Supplied records >>
====================
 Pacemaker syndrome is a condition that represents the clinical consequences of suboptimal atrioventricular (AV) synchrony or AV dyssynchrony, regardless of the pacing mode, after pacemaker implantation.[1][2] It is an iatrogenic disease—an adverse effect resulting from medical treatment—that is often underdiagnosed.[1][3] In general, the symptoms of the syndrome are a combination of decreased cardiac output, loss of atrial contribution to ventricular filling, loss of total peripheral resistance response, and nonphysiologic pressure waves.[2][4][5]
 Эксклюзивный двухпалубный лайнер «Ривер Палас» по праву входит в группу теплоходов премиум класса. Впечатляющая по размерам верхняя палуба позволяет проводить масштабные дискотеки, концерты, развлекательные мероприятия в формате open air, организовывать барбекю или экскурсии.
====================
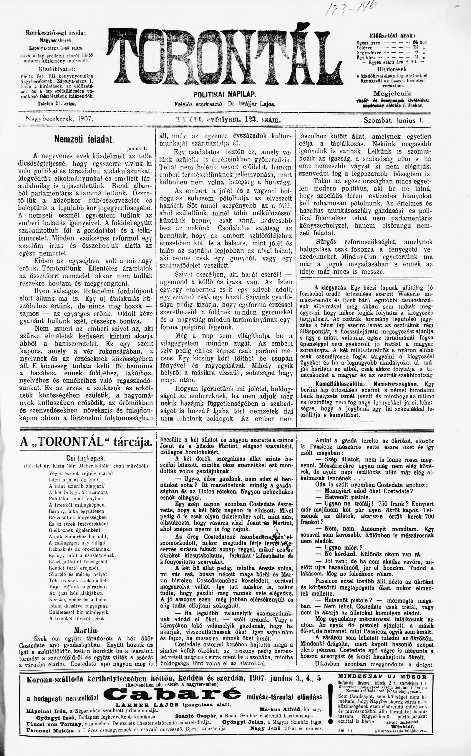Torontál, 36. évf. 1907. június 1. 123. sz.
====================
What the exercise asks >> Within the listing above, give again exactly every line from the line with "Pacemaker syndrome is" through the line with "Эксклюзивный двухпалубный лайнер", both included, and no other line.

Response box >>
 Pacemaker syndrome is a condition that represents the clinical consequences of suboptimal atrioventricular (AV) synchrony or AV dyssynchrony, regardless of the pacing mode, after pacemaker implantation.[1][2] It is an iatrogenic disease—an adverse effect resulting from medical treatment—that is often underdiagnosed.[1][3] In general, the symptoms of the syndrome are a combination of decreased cardiac output, loss of atrial contribution to ventricular filling, loss of total peripheral resistance response, and nonphysiologic pressure waves.[2][4][5]
 Эксклюзивный двухпалубный лайнер «Ривер Палас» по праву входит в группу теплоходов премиум класса. Впечатляющая по размерам верхняя палуба позволяет проводить масштабные дискотеки, концерты, развлекательные мероприятия в формате open air, организовывать барбекю или экскурсии.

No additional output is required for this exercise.